Stored entries:
= Beginning of Section =

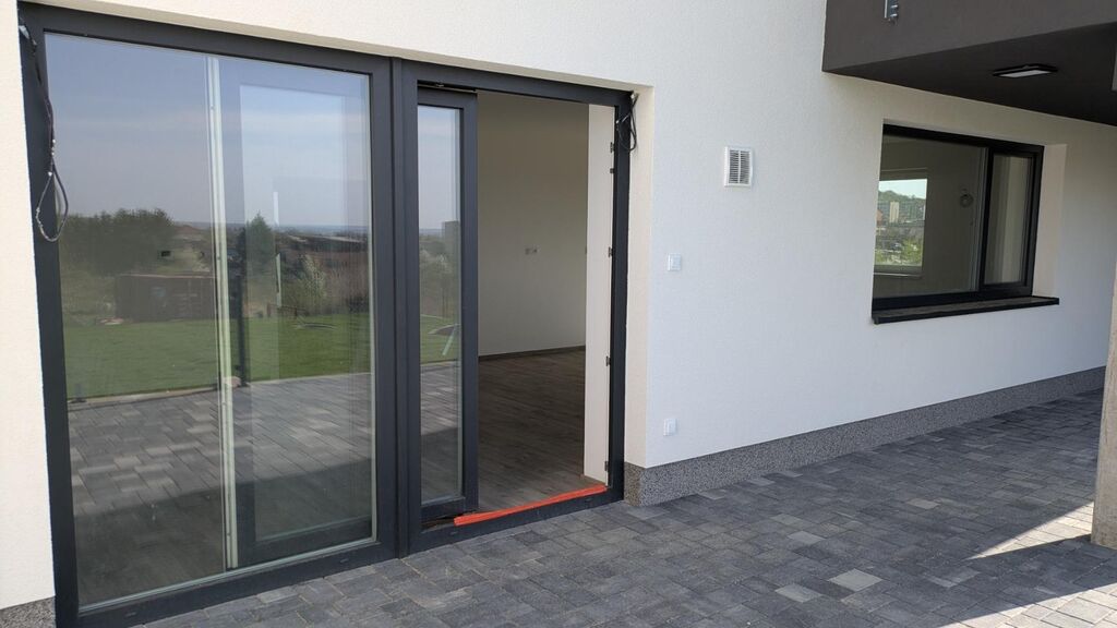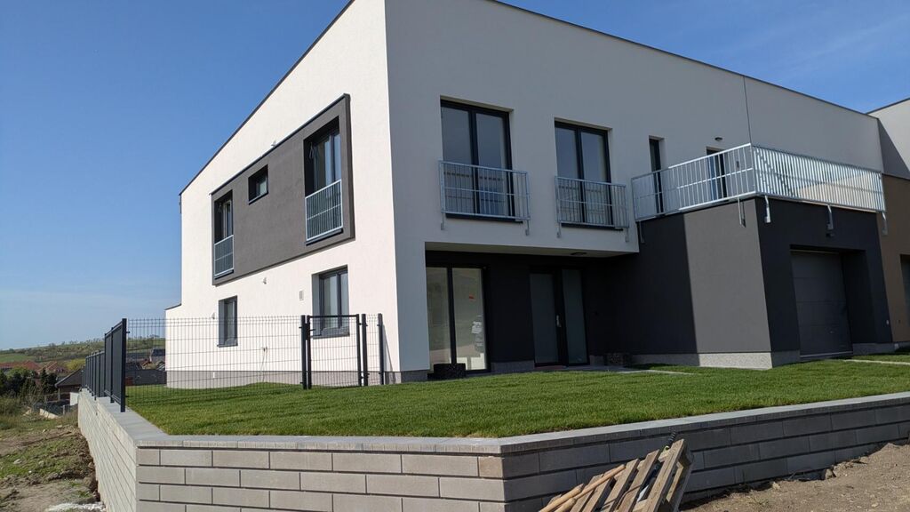 Z obývacího pokoje je výstup na venkovní terasu o velikosti 20 m2 a dále do zahrady domu, kde byly položeny travní koberce po celé ploše zahrady. Zahrada je také připravena k okamžitému využívání. Dům je postavený z kvalitních a moderních materiálů včetně velkoformátových obkladů všech 3 koupelen. Příjezdová komunikace je veřejná komunikace ve vlastnictví města, v letošním roce proběhne její kompletní výstavba včetně finálních povrchů.
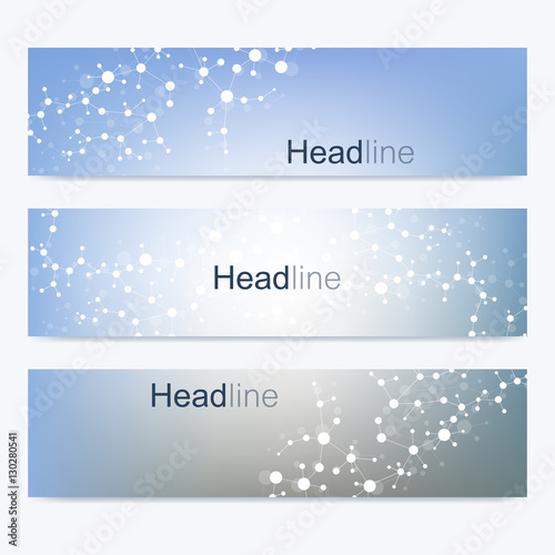 Scientific set of modern vector banners. DNA molecule structure with connected lines and dots. Science vector background. Medical, tecnology, chemistry design.
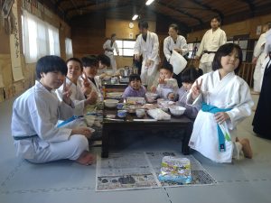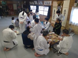 本日は稽古始めということで、稽古後に道場で鏡開き兼新年会を行いました。
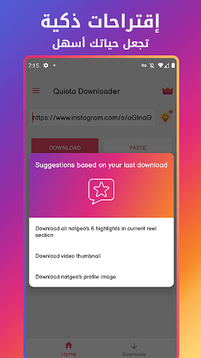 الاقتراحات الذكية: عندما تقوم بتحميل صورة او فيديو، سيقوم التطبيق بوضع اقتراحات لك بناء على التحميل الحالي، مثل تحميل صورة الغلاف الشخصي للمستخدم الحالي أو اذا قمت بتحميل قصة واحدة وكان لديه العديد من القصص، سيقترح التطبيق تحميلهم جميعاً لك بضغطة زر واحدة. والمزبد من الاقتراحات المفيدة التي يمكنك استكشافها!
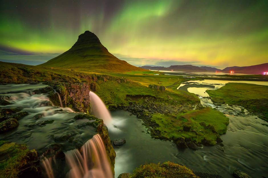 Situada en la península de Snæfellsnes, cerca del pueblo de Grundarfjörður, la montaña Kirkjufell es uno de los paisajes más icónicos de Islandia. Con sus 463 metros de altura y su silueta perfectamente reconocible, se alza junto a las cascadas de Kirkjufellsfoss, otro de los grandes atractivos de la zona. Cuando la aurora boreal aparece sobre este entorno, el resultado es simplemente mágico.
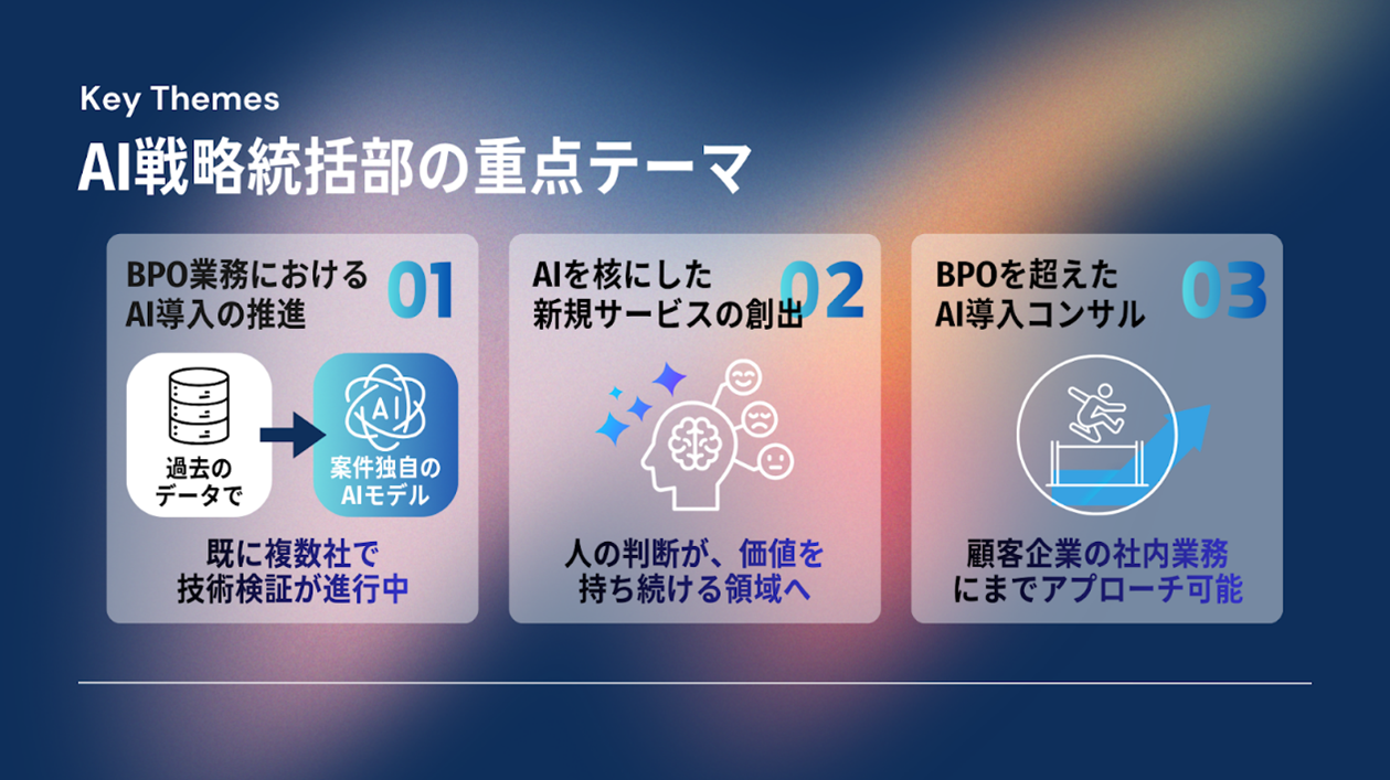 このたび新設した「 AI 戦略統括部」では、大手企業での事業開発や AI ベンチャーでの BPO 支援など豊富な実績を持つ山田 喬を統括責任者として招聘しました。本組織では、 BPO 業務への AI 導入推進、 AI 技術を活用した新規サービスの創出、顧客企業の社内業務における AI 導入支援コンサルティングを重点テーマと掲げ、 AI 領域のプロフェッショナル人材が多数参画のもと、机上の空論ではない"人× AI の最適解"を実証・提案する体制を構築してまいります。
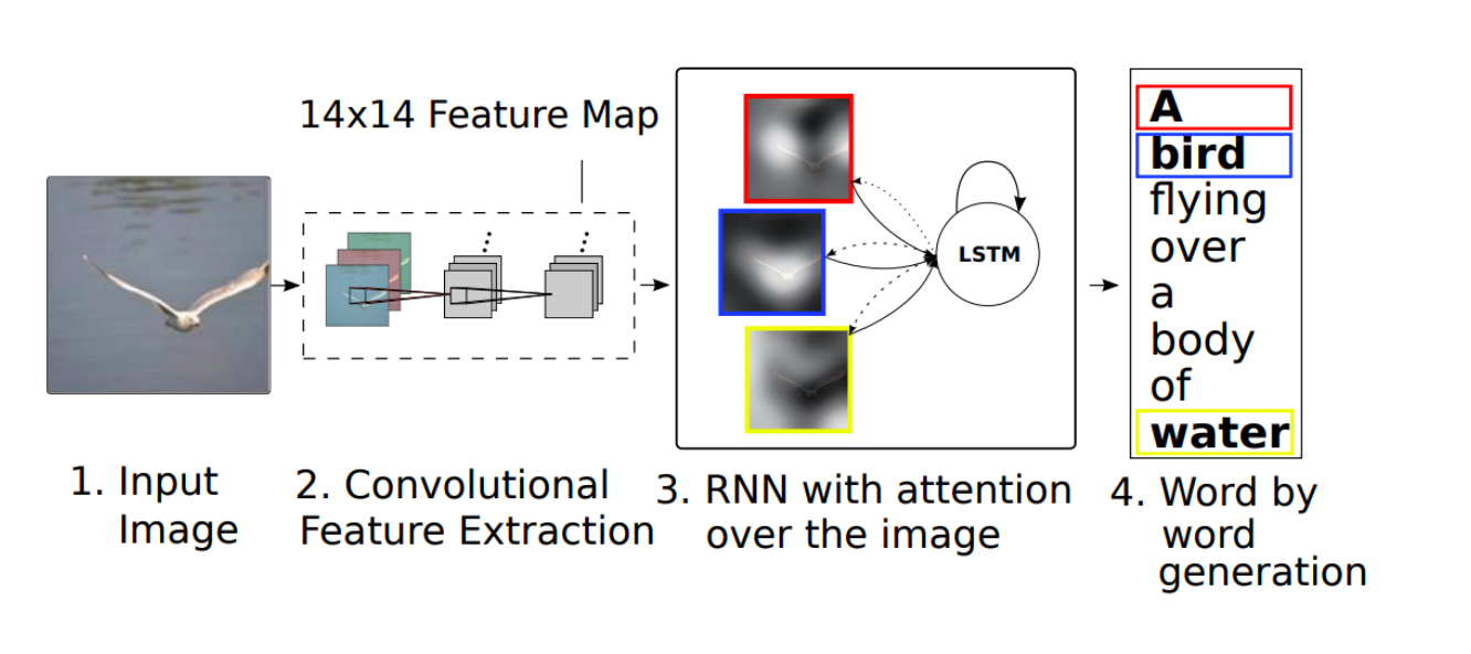 Show, attention(attend), tell : 어떤 feature가 어떤 text로 변환되는지 집중
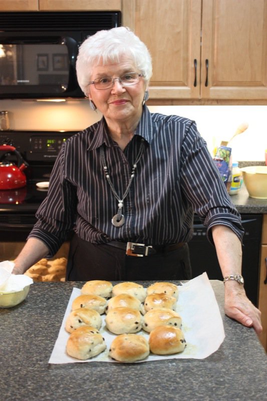 Many of you know my mom, Helen, as I have captured her culinary prowess many times. My favourite is the post about her Homemade Angel Food Cake. It is a great story. Today, I am capturing her making these lovely traditional Easter buns. This is clearly a recipe that has become our own from our British countrymen. My mom and dad celebrated their 60th Anniversary last November and there is still no stopping her. Dad and my baby sister, Penny, are curled in their chair filled with homemade Hot Crossed Bun anticipation!
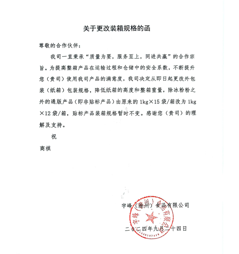 關(guān)于更改裝箱規(guī)格的函
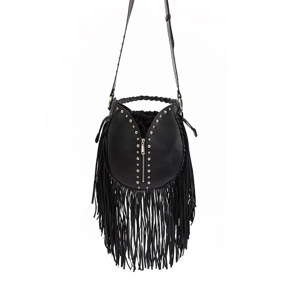 With smooth calf leather, eye-catching silver studs, and long tassels, this chic Western-style bag makes a statement. Carry it by the braided handle or long strap, and turn heads wherever you go!
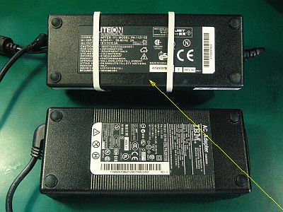 で、19V,6.3Aのものを、「電源端子(特殊?)」を確かめて、ヤフオク!で買った。(図1上側 ¥1,050送料込み)
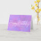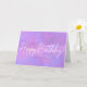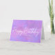 Modern and simple but very girly and feminine purple and white card. Happy Birthday is written in a bright white calligraphy script. It really pops against a bright purple abstract background.
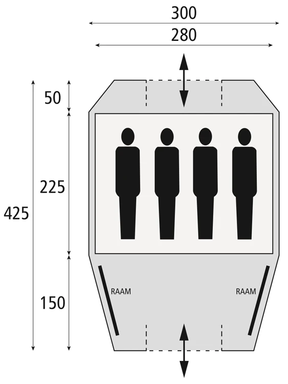 De Safarica Kenia 300 is een grote bijzettent met een slaapcabine voor 4 personen. De voorbouw van de tent is 150 cm diep met afsluitbare ramen waardoor je zelf kan kiezen hoe licht het is in de tent. Aan de acherkant van de tent is nog een extra plek waar je bagage kwijt kan, oftewel er is voldoende ruimte om je spullen in op te bergen. Er zijn twee ingangen voor de tent, zowel aan de voor- als achterkant. De tent is stevig door de fiberglas boogstokken. De tent heeft een stahoogte (185 cm) waar je fijn rechtop in kan staan. Met een totaal gewicht van 8,5 kg is het niet alleen een ruime maar ook lichtgewicht tent. Daarnaast is hij ook eenvoudig op te zetten met maar 3 tentstokken. De tent wordt geleverd met tas, reflecterende scheerlijnen en haringen. De Safarica Kenia 300 is een heerlijk ruime koepeltent voor een geweldige kampeervakantie.
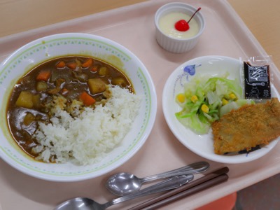 夕食のメニューは、カレーライス、魚のフライなどでした。
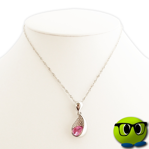 Dans ce cas, essayez ce magnifique collier fantaisie, couleur argentée et sertie d’une fausse pierre rose en forme de goutte d’eau.

= End of Section =

- _Work required_
Could you set down every record above exactly as written, leaving out the pictures?

- _Result of this exercise_
 Z obývacího pokoje je výstup na venkovní terasu o velikosti 20 m2 a dále do zahrady domu, kde byly položeny travní koberce po celé ploše zahrady. Zahrada je také připravena k okamžitému využívání. Dům je postavený z kvalitních a moderních materiálů včetně velkoformátových obkladů všech 3 koupelen. Příjezdová komunikace je veřejná komunikace ve vlastnictví města, v letošním roce proběhne její kompletní výstavba včetně finálních povrchů.
 Scientific set of modern vector banners. DNA molecule structure with connected lines and dots. Science vector background. Medical, tecnology, chemistry design.
 本日は稽古始めということで、稽古後に道場で鏡開き兼新年会を行いました。
 الاقتراحات الذكية: عندما تقوم بتحميل صورة او فيديو، سيقوم التطبيق بوضع اقتراحات لك بناء على التحميل الحالي، مثل تحميل صورة الغلاف الشخصي للمستخدم الحالي أو اذا قمت بتحميل قصة واحدة وكان لديه العديد من القصص، سيقترح التطبيق تحميلهم جميعاً لك بضغطة زر واحدة. والمزبد من الاقتراحات المفيدة التي يمكنك استكشافها!
 Situada en la península de Snæfellsnes, cerca del pueblo de Grundarfjörður, la montaña Kirkjufell es uno de los paisajes más icónicos de Islandia. Con sus 463 metros de altura y su silueta perfectamente reconocible, se alza junto a las cascadas de Kirkjufellsfoss, otro de los grandes atractivos de la zona. Cuando la aurora boreal aparece sobre este entorno, el resultado es simplemente mágico.
 このたび新設した「 AI 戦略統括部」では、大手企業での事業開発や AI ベンチャーでの BPO 支援など豊富な実績を持つ山田 喬を統括責任者として招聘しました。本組織では、 BPO 業務への AI 導入推進、 AI 技術を活用した新規サービスの創出、顧客企業の社内業務における AI 導入支援コンサルティングを重点テーマと掲げ、 AI 領域のプロフェッショナル人材が多数参画のもと、机上の空論ではない"人× AI の最適解"を実証・提案する体制を構築してまいります。
 Show, attention(attend), tell : 어떤 feature가 어떤 text로 변환되는지 집중
 Many of you know my mom, Helen, as I have captured her culinary prowess many times. My favourite is the post about her Homemade Angel Food Cake. It is a great story. Today, I am capturing her making these lovely traditional Easter buns. This is clearly a recipe that has become our own from our British countrymen. My mom and dad celebrated their 60th Anniversary last November and there is still no stopping her. Dad and my baby sister, Penny, are curled in their chair filled with homemade Hot Crossed Bun anticipation!
 關(guān)于更改裝箱規(guī)格的函
 With smooth calf leather, eye-catching silver studs, and long tassels, this chic Western-style bag makes a statement. Carry it by the braided handle or long strap, and turn heads wherever you go!
 で、19V,6.3Aのものを、「電源端子(特殊?)」を確かめて、ヤフオク!で買った。(図1上側 ¥1,050送料込み)
 Modern and simple but very girly and feminine purple and white card. Happy Birthday is written in a bright white calligraphy script. It really pops against a bright purple abstract background.
 De Safarica Kenia 300 is een grote bijzettent met een slaapcabine voor 4 personen. De voorbouw van de tent is 150 cm diep met afsluitbare ramen waardoor je zelf kan kiezen hoe licht het is in de tent. Aan de acherkant van de tent is nog een extra plek waar je bagage kwijt kan, oftewel er is voldoende ruimte om je spullen in op te bergen. Er zijn twee ingangen voor de tent, zowel aan de voor- als achterkant. De tent is stevig door de fiberglas boogstokken. De tent heeft een stahoogte (185 cm) waar je fijn rechtop in kan staan. Met een totaal gewicht van 8,5 kg is het niet alleen een ruime maar ook lichtgewicht tent. Daarnaast is hij ook eenvoudig op te zetten met maar 3 tentstokken. De tent wordt geleverd met tas, reflecterende scheerlijnen en haringen. De Safarica Kenia 300 is een heerlijk ruime koepeltent voor een geweldige kampeervakantie.
 夕食のメニューは、カレーライス、魚のフライなどでした。
 Dans ce cas, essayez ce magnifique collier fantaisie, couleur argentée et sertie d’une fausse pierre rose en forme de goutte d’eau.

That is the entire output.